Page:Zévaco - Le Capitan, 1926.djvu/107

Cette page n’a pas encore été corrigée

À cet instant, le cheval de Capestang dressa les oreilles et se mit à hennir.

"Qu’y a-t-il. Fend-l’Air ? De quoi me préviens-tu, mon brave compagnon ?"

Il achevait à peine de parler, qu’il entendit derrière lui le galop furieux, saccadé, désordonné, d’un cheval lancé ventre à terre. Il n’eut que le temps de se ranger : le cheval passa comme un éclair, avec cette allure folle, cette rigidité de la ligne suivie que prennent les chevaux emballés.

"À moi ! À moi ! cria le jeune cavalier vêtu d’un pourpoint de velours noir, qui monté sur la bête furieuse, faisait des efforts évidents et inutiles pour l’arrêter.

— Le malheureux ! murmura Capestang, il va se briser la tête contre un arbre au premier tournant ! Hop, Fend-l’Air ! Hop ! Hop !"

Déjà Fend-l’Air se ruait en bonds gigantesques, en une envolée terrible des quatre sabots ; déjà l’apocalyptique Fend-l’Air, affolé par les cris de son maître, dévorait l’espace en foulées puissantes ; la distance qui le séparait du cheval emballé diminuait ; une seconde encore, et il le touchait presque ; hop ! hop ! une superbe ruée, un bond vertigineux… et Capestang se trouva botte à botte avec le jeune inconnu.

"Courage ! Courage ! Tenez-vous ferme en selle !"

L’inconnu jeta un rapide regard sur l’homme qui, la figure flamboyante d’audace insensée, galopait éperdument à ses côtés ; tout à coup, il ne le vit plus ! Disparu, l’homme aux yeux fulgurants ! Arrêtée net, demeurée en arrière, la magnifique bête qu’il montait ! Et, dans le même instant, il vit son propre cheval à lui secouer frénétiquement la tête, il l’entendit hennir de douleur, il sentit que son allure se ralentissait ; une seconde plus tard, l’animal dompté, couvert d’écume, tremblant de tous ses membres, s’arrêtait !...

"Vous êtes sauvé, monsieur !" dit une voix.

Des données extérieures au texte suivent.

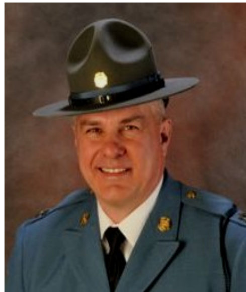
Division Director Captain
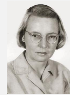
Ruby Violet Payne-Scott (28 May 1912 – 25 May 1981) was an Australian pioneer in radiophysics and radio astronomy, and was the first female radio astronomer
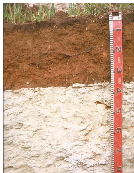
Shallow loam on limestone — restrictive for most crops but ideal for grape vines

Further information can be found in Assessing Agricultural Land (Maschmedt 2002).
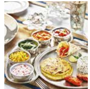
Food on board
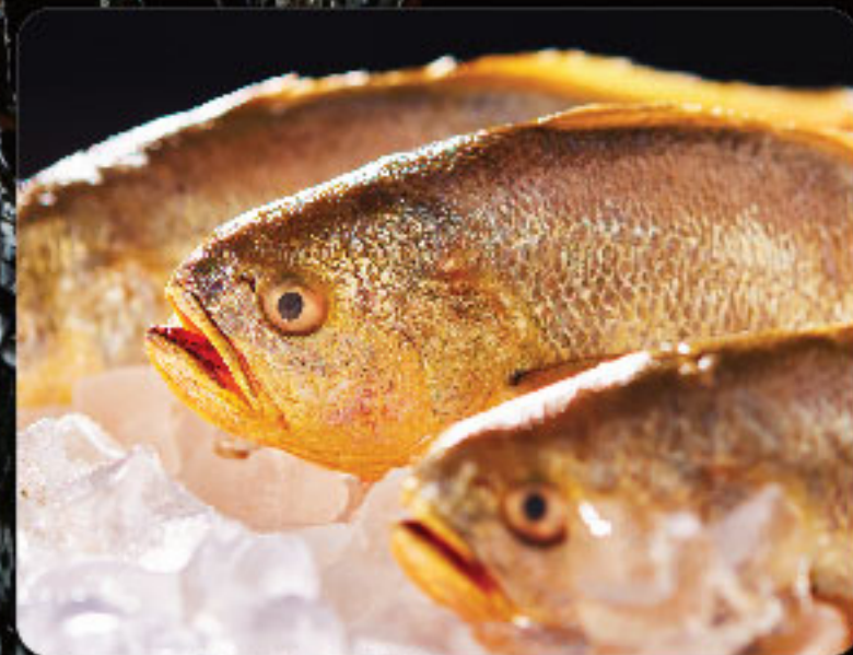
冰鲜到店, 从原产地到餐厅 Chilled and delivered from source to restaurant.
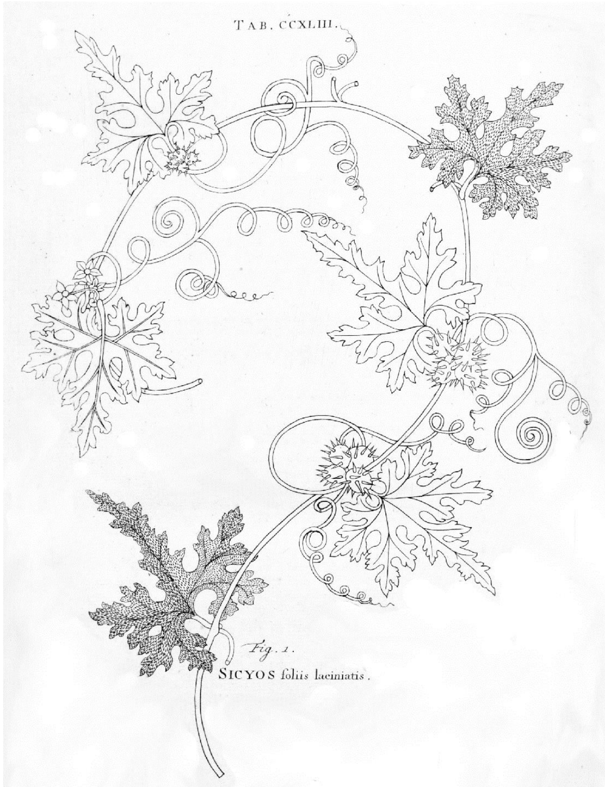
Figure 3. Lectotype of Sicyos laciniatus . " Sicyos foliis laciniatis " — Plumier in Burman, Pl. Amer. , 239, t. 243, f. 1, 1760.

Le gentilhomme au pourpoint noir vit alors le cavalier qui, debout sur la route, le saluait ! Par une manœuvre intrépide, dont il n’y a que deux ou trois exemples dans l’histoire de l’équitation, Capestang arrivé botte à botte avec le jeune inconnu, s’était penché en avant, avait saisi à deux mains la crinière de l’animal, s’était jeté hors de sa selle, et, tandis que Fend-l’Air s’arrêtait, s’était cramponné d’une main, pendant que de l’autre il étreignait les naseaux fumants du cheval emballé. L’inconnu sauta à terre et dit :

"Merci, monsieur. Je vous dois la vie. Je ne l’oublierai pas."

Mais Capestang ne l’écoutait pas. Il ouvrait des deux mains la bouche du cheval qu’il venait d’arrêter par la plus téméraire des voltiges. Il flairait, il aspirait l’âcre parfum qui s’échappait de cette bouche avec des volutes de vapeur tiède.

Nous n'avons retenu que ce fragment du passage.